— DESCRIPTION OF THE TASK —
Every record here must be copied exactly, except for the images it holds.

— EXERCISE INPUT —

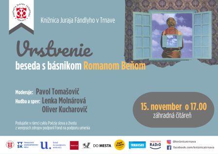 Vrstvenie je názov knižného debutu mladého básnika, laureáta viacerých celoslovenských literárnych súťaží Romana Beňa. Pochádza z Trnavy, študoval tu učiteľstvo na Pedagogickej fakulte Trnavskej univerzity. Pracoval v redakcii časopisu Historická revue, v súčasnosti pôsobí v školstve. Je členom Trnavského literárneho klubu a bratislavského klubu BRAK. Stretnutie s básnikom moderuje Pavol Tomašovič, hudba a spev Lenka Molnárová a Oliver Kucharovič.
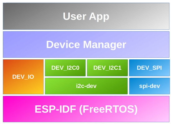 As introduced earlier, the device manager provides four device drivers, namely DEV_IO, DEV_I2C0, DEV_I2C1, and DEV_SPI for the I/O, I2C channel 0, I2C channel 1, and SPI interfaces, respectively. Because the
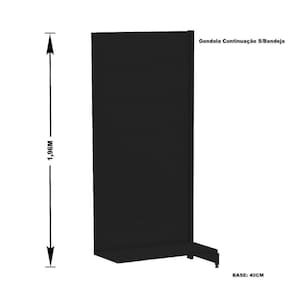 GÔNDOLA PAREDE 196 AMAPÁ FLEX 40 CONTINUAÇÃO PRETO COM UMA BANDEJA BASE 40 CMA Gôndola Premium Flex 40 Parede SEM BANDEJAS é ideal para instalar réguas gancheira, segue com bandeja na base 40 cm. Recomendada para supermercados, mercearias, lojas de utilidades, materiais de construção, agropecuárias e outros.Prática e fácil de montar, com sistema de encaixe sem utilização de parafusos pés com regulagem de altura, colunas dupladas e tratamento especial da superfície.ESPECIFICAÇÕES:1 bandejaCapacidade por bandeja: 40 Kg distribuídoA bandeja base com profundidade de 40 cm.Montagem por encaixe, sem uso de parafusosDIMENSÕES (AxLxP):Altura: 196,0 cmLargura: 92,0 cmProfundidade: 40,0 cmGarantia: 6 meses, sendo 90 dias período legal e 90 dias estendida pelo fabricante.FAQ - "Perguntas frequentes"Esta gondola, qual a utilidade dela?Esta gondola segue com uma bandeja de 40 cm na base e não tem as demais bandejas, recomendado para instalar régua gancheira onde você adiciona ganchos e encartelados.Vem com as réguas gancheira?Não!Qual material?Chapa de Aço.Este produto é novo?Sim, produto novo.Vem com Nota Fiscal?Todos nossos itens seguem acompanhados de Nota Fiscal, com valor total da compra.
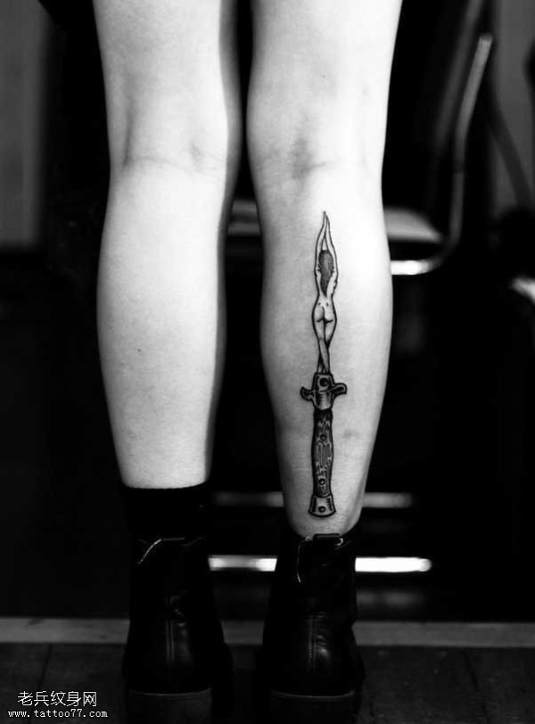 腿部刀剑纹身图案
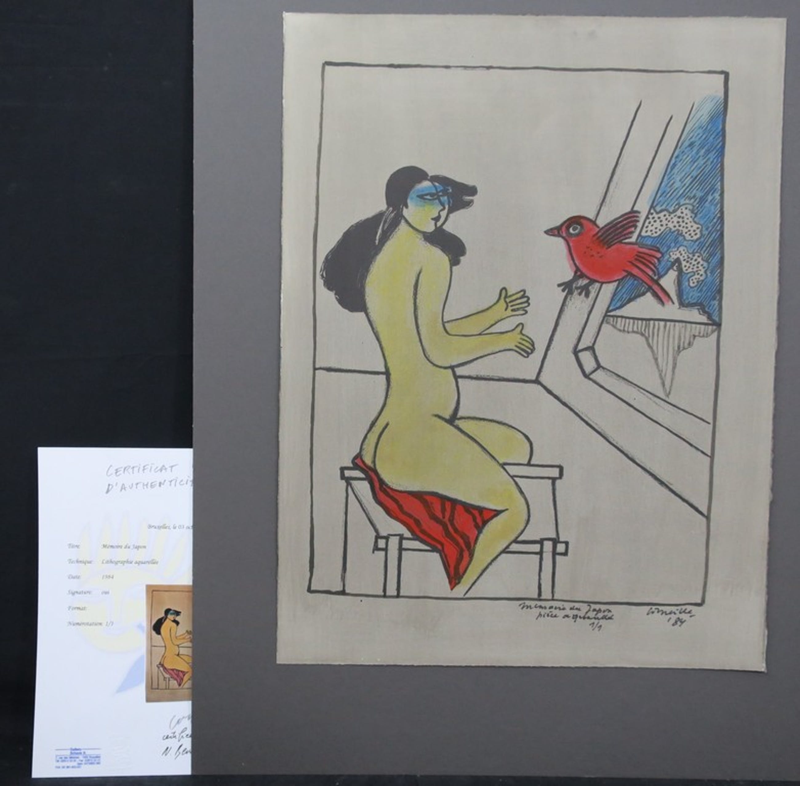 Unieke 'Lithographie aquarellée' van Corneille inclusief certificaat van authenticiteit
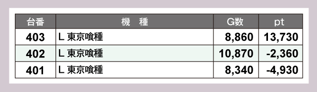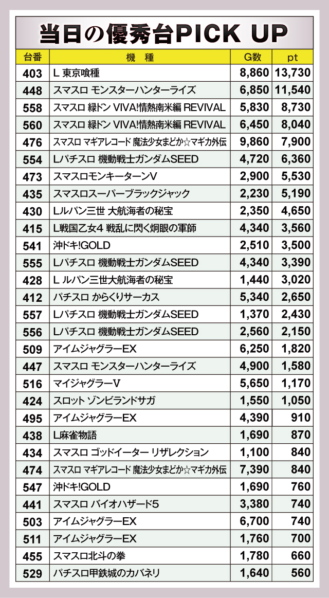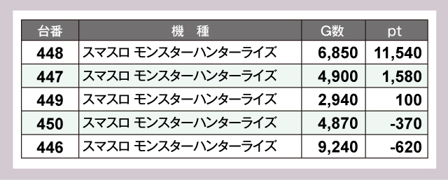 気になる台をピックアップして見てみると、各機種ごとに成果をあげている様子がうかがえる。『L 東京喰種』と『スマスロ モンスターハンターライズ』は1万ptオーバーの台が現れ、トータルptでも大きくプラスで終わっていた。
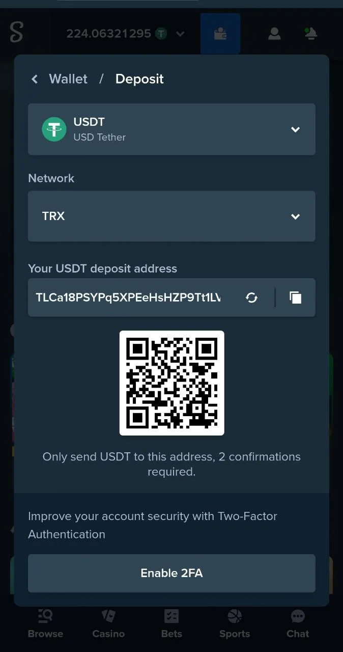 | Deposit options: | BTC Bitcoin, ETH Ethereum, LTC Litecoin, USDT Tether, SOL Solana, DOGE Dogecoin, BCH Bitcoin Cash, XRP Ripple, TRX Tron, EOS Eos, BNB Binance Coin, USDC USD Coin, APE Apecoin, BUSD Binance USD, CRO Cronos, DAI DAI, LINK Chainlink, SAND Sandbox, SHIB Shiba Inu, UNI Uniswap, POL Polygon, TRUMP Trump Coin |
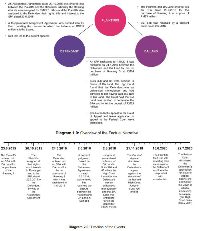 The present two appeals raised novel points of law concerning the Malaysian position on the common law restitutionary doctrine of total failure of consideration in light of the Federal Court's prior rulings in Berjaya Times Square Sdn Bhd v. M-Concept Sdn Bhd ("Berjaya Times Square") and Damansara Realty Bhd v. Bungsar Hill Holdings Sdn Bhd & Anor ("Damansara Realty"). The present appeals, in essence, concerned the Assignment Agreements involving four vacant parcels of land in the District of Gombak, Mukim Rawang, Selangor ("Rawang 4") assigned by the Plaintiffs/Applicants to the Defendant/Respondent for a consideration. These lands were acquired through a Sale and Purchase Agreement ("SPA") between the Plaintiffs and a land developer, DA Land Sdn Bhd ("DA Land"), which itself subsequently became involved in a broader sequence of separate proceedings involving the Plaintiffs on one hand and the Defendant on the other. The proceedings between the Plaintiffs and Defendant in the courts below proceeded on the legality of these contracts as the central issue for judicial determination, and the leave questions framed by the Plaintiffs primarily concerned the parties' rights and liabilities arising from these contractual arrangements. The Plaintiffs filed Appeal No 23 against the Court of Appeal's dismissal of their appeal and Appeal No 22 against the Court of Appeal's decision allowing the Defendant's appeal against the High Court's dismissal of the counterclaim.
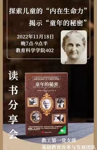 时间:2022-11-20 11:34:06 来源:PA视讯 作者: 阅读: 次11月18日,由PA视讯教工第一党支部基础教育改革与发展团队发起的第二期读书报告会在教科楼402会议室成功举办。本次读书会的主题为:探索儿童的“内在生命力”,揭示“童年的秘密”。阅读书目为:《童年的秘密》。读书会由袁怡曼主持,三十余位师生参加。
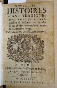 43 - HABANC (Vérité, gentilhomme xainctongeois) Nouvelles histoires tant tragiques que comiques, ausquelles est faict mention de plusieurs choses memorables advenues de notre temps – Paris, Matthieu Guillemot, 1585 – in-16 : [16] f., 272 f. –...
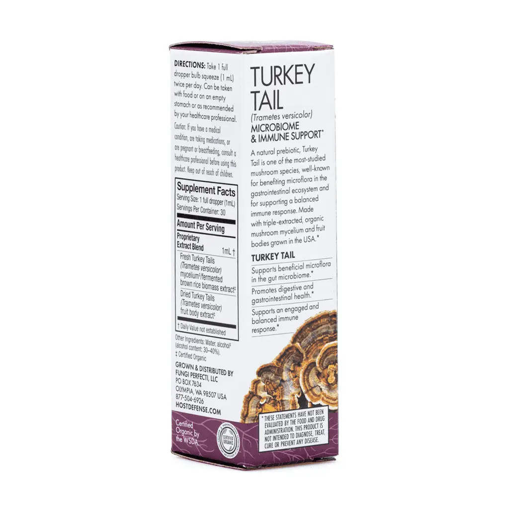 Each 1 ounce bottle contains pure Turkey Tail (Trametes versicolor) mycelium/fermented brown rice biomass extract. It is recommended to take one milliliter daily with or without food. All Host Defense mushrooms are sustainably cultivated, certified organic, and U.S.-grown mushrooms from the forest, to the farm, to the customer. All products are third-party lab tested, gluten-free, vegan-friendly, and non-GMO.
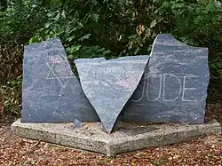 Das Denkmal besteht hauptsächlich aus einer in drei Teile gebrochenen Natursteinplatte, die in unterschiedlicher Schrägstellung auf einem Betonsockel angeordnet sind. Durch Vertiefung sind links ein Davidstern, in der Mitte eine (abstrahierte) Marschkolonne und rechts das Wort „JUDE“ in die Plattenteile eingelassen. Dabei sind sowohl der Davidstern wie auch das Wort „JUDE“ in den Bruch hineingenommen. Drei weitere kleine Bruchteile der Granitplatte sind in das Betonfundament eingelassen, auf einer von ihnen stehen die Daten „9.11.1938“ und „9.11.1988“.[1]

— RESULT FOR THIS TASK —
 Vrstvenie je názov knižného debutu mladého básnika, laureáta viacerých celoslovenských literárnych súťaží Romana Beňa. Pochádza z Trnavy, študoval tu učiteľstvo na Pedagogickej fakulte Trnavskej univerzity. Pracoval v redakcii časopisu Historická revue, v súčasnosti pôsobí v školstve. Je členom Trnavského literárneho klubu a bratislavského klubu BRAK. Stretnutie s básnikom moderuje Pavol Tomašovič, hudba a spev Lenka Molnárová a Oliver Kucharovič.
 As introduced earlier, the device manager provides four device drivers, namely DEV_IO, DEV_I2C0, DEV_I2C1, and DEV_SPI for the I/O, I2C channel 0, I2C channel 1, and SPI interfaces, respectively. Because the
 GÔNDOLA PAREDE 196 AMAPÁ FLEX 40 CONTINUAÇÃO PRETO COM UMA BANDEJA BASE 40 CMA Gôndola Premium Flex 40 Parede SEM BANDEJAS é ideal para instalar réguas gancheira, segue com bandeja na base 40 cm. Recomendada para supermercados, mercearias, lojas de utilidades, materiais de construção, agropecuárias e outros.Prática e fácil de montar, com sistema de encaixe sem utilização de parafusos pés com regulagem de altura, colunas dupladas e tratamento especial da superfície.ESPECIFICAÇÕES:1 bandejaCapacidade por bandeja: 40 Kg distribuídoA bandeja base com profundidade de 40 cm.Montagem por encaixe, sem uso de parafusosDIMENSÕES (AxLxP):Altura: 196,0 cmLargura: 92,0 cmProfundidade: 40,0 cmGarantia: 6 meses, sendo 90 dias período legal e 90 dias estendida pelo fabricante.FAQ - "Perguntas frequentes"Esta gondola, qual a utilidade dela?Esta gondola segue com uma bandeja de 40 cm na base e não tem as demais bandejas, recomendado para instalar régua gancheira onde você adiciona ganchos e encartelados.Vem com as réguas gancheira?Não!Qual material?Chapa de Aço.Este produto é novo?Sim, produto novo.Vem com Nota Fiscal?Todos nossos itens seguem acompanhados de Nota Fiscal, com valor total da compra.
 腿部刀剑纹身图案
 Unieke 'Lithographie aquarellée' van Corneille inclusief certificaat van authenticiteit
 気になる台をピックアップして見てみると、各機種ごとに成果をあげている様子がうかがえる。『L 東京喰種』と『スマスロ モンスターハンターライズ』は1万ptオーバーの台が現れ、トータルptでも大きくプラスで終わっていた。
 | Deposit options: | BTC Bitcoin, ETH Ethereum, LTC Litecoin, USDT Tether, SOL Solana, DOGE Dogecoin, BCH Bitcoin Cash, XRP Ripple, TRX Tron, EOS Eos, BNB Binance Coin, USDC USD Coin, APE Apecoin, BUSD Binance USD, CRO Cronos, DAI DAI, LINK Chainlink, SAND Sandbox, SHIB Shiba Inu, UNI Uniswap, POL Polygon, TRUMP Trump Coin |
 The present two appeals raised novel points of law concerning the Malaysian position on the common law restitutionary doctrine of total failure of consideration in light of the Federal Court's prior rulings in Berjaya Times Square Sdn Bhd v. M-Concept Sdn Bhd ("Berjaya Times Square") and Damansara Realty Bhd v. Bungsar Hill Holdings Sdn Bhd & Anor ("Damansara Realty"). The present appeals, in essence, concerned the Assignment Agreements involving four vacant parcels of land in the District of Gombak, Mukim Rawang, Selangor ("Rawang 4") assigned by the Plaintiffs/Applicants to the Defendant/Respondent for a consideration. These lands were acquired through a Sale and Purchase Agreement ("SPA") between the Plaintiffs and a land developer, DA Land Sdn Bhd ("DA Land"), which itself subsequently became involved in a broader sequence of separate proceedings involving the Plaintiffs on one hand and the Defendant on the other. The proceedings between the Plaintiffs and Defendant in the courts below proceeded on the legality of these contracts as the central issue for judicial determination, and the leave questions framed by the Plaintiffs primarily concerned the parties' rights and liabilities arising from these contractual arrangements. The Plaintiffs filed Appeal No 23 against the Court of Appeal's dismissal of their appeal and Appeal No 22 against the Court of Appeal's decision allowing the Defendant's appeal against the High Court's dismissal of the counterclaim.
 时间:2022-11-20 11:34:06 来源:PA视讯 作者: 阅读: 次11月18日,由PA视讯教工第一党支部基础教育改革与发展团队发起的第二期读书报告会在教科楼402会议室成功举办。本次读书会的主题为:探索儿童的“内在生命力”,揭示“童年的秘密”。阅读书目为:《童年的秘密》。读书会由袁怡曼主持,三十余位师生参加。
 43 - HABANC (Vérité, gentilhomme xainctongeois) Nouvelles histoires tant tragiques que comiques, ausquelles est faict mention de plusieurs choses memorables advenues de notre temps – Paris, Matthieu Guillemot, 1585 – in-16 : [16] f., 272 f. –...
 Each 1 ounce bottle contains pure Turkey Tail (Trametes versicolor) mycelium/fermented brown rice biomass extract. It is recommended to take one milliliter daily with or without food. All Host Defense mushrooms are sustainably cultivated, certified organic, and U.S.-grown mushrooms from the forest, to the farm, to the customer. All products are third-party lab tested, gluten-free, vegan-friendly, and non-GMO.
 Das Denkmal besteht hauptsächlich aus einer in drei Teile gebrochenen Natursteinplatte, die in unterschiedlicher Schrägstellung auf einem Betonsockel angeordnet sind. Durch Vertiefung sind links ein Davidstern, in der Mitte eine (abstrahierte) Marschkolonne und rechts das Wort „JUDE“ in die Plattenteile eingelassen. Dabei sind sowohl der Davidstern wie auch das Wort „JUDE“ in den Bruch hineingenommen. Drei weitere kleine Bruchteile der Granitplatte sind in das Betonfundament eingelassen, auf einer von ihnen stehen die Daten „9.11.1938“ und „9.11.1988“.[1]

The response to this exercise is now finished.